CHICAGO - Film critic Roger Ebert on Thursday confirmed that a fellow critic yelled at him and whacked him on the knee with a program during a movie screening at the Toronto Film Festival last weekend, but said the incident was "blown out of proportion."
"It has been blown out of proportion. It is of little interest," Ebert said in a column posted Thursday on the website of the Chicago Sun-Times, where he has been a critic since 1967.
Ebert, who has battled cancer in recent years and was left unable to speak, did not name the other critic involved in the incident. But he said an account published in the New York Daily News that named the other man as rival New York Post movie critic Lou Lumenick was "truthful."
Lumenick did not return an e-mail from The Associated Press after business hours on Thursday.
Saturday's incident began, Ebert said, when he could not see subtitles for the film "Slumlord Millionaire" because the man sitting in front of him was leaning into the aisle.
"In my medical condition I cannot speak, I tapped him lightly on the shoulder, and gestured him to move over a little. He said, 'Don't touch me!' and remained in position.
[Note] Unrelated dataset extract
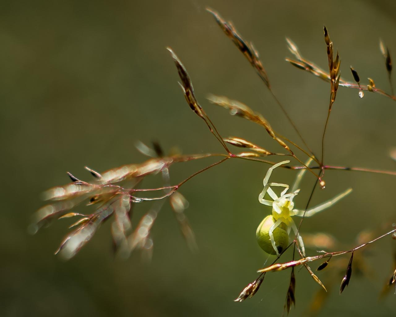 Wallpaper A green spider hangs on a spikelet

I tapped him lightly again. 'I said - don't touch me!' He leaned further into the aisle, as if making a point of it. I tapped him a third time, and he jumped up and whacked me on the knee with whatever it was," Ebert said.
Ebert wrote that he tapped the man a fourth time, "just to show I wasn't intimidated." The man was later moved to another seat.
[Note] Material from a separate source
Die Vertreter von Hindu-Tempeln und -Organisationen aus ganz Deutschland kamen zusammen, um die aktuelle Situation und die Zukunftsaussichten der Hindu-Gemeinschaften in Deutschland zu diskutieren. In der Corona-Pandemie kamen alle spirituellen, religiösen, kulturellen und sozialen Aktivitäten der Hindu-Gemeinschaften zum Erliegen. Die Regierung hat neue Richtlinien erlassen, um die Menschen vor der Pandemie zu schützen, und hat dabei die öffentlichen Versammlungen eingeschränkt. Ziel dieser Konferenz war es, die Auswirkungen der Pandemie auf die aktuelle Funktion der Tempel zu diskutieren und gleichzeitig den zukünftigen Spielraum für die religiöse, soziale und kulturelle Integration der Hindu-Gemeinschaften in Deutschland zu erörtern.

"This whole matter was embarrassing, because it drew attention to me and invited pity, which makes me cringe," said Ebert, former host of the syndicated show "At the Movies with Ebert & Roeper."
While Ebert said he thought the man was wrong for blocking his sight line, the Pulitzer Prize winner said he felt sorry for him.
"He had no idea who was behind him when he smacked me," Ebert wrote. "Now it looked like he was picking on poor me. I have had my problems, but I promise you I am plenty hearty enough to withstand a smack, and quite happy, after the smack, to tap him again."
Ebert ended the column with, "I had to see those subtitles. There was no pain. The incident is over. Peace."